Note: I'll reimburse anyone the cost of adding an answer (regardless of what it is), and also reimburse any further answers that refer to specific benchmarks (e.g. AgentBench).
I'd like to find out what Manifold thinks are the 5 best benchmarks of this kind.
Ideally they should have fairly objective protocols for evaluating the agent/system under test, but since I can't really define that rigorously myself, I will let people add and vote whatever they like.
At the end of January 2026, I'll conduct a poll to select the 5 winners.
I won't bet.
Linked market:
@CraigDemel this seems like something a simple calculating computer program could do, with no general intelligence involved, right?
@TheAllMemeingEye I think he might have meant solving this in polynomial time? https://en.wikipedia.org/wiki/Circuit_satisfiability_problem
@ProjectVictory At the time I wrote this, the LLMs I tried were bad at predicting output of one NAND with various inputs, even after being corrected. Which I found humorous, given how many NANDS they incorporated.

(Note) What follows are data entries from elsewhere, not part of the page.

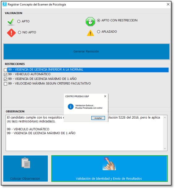 Para finalizar la prueba de psicología a es necesario dar clic en el botón “Validación de identidad y Envío de resultados”.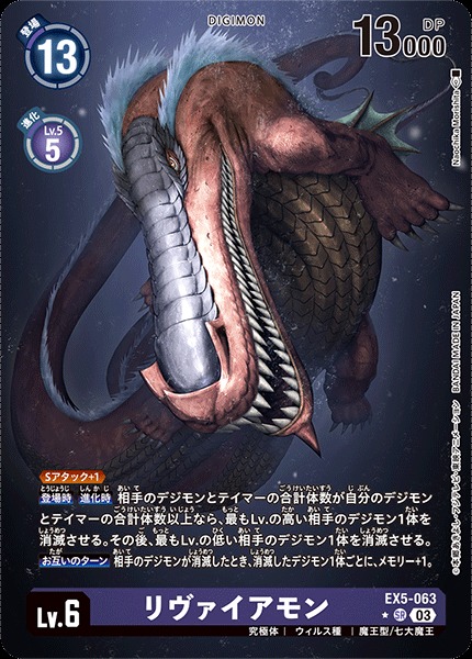 这是当今数码世界中最强大的怪物,它被称为“恶魔怪兽”。由于这个怪物拥有的强大而恐怖的力量,被认为是“七大魔王”之一。这个庞然大物拥有连数码世界也能吞噬的巨大的颚。传说正沉睡在黑暗区域附近的网络海底,如果他被唤醒,他会藐视任何数码宝贝,甚至天使型数码宝贝见到他也要逃跑,更不用说其他魔王型数码宝贝。不过,作为数码宝贝仍在可解码(解读)的范围内,几乎从未现身过,据说是盘踞在数码世界的根源性邪恶所在。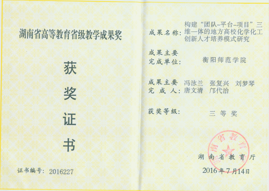 ③教学改革成果丰硕。发表教研论文64篇,主(副)编教材7部,编写校本教材特色鲜明,10多所地方高校广泛使用。2010年与湘谭大学、湖南工程公司合编《有机化学实验》,2014年与韶关公司、肇庆公司等合编《分析化学》,教材多次再版,反响良好。新增省级一流专业2个、省级一流课程4门,2016年和2022年分别获得湖南省教学成果三等奖。

@CraigDemel I guess it might be a necessary but certainly not sufficient condition for agi, kinda like being able to draw specific shapes in ASCII art
Note: I'll reimburse anyone the cost of adding an answer.
Would I get reimbursed the 1000 mana cost for adding any of the following?
"Opinion poll of Manifold userbase"
"Opinion poll of general public"
"Equal success rate at user-controlled Turing test as median biological human"
"No remaining job roles in which its performance is evaluated by superiors as lower quality than the median biological human employee in said roles"
@TheAllMemeingEye Yes. I'll reimburse you for your favourite. I'll also reimburse any specific benchmark that anyone adds, even if they add multiple (I'll clarify the deal in the description).
@singer the fact that top 5 answers resolve Yes and there's only four answers is quite funny to me. I think it shows the current state of things quite well.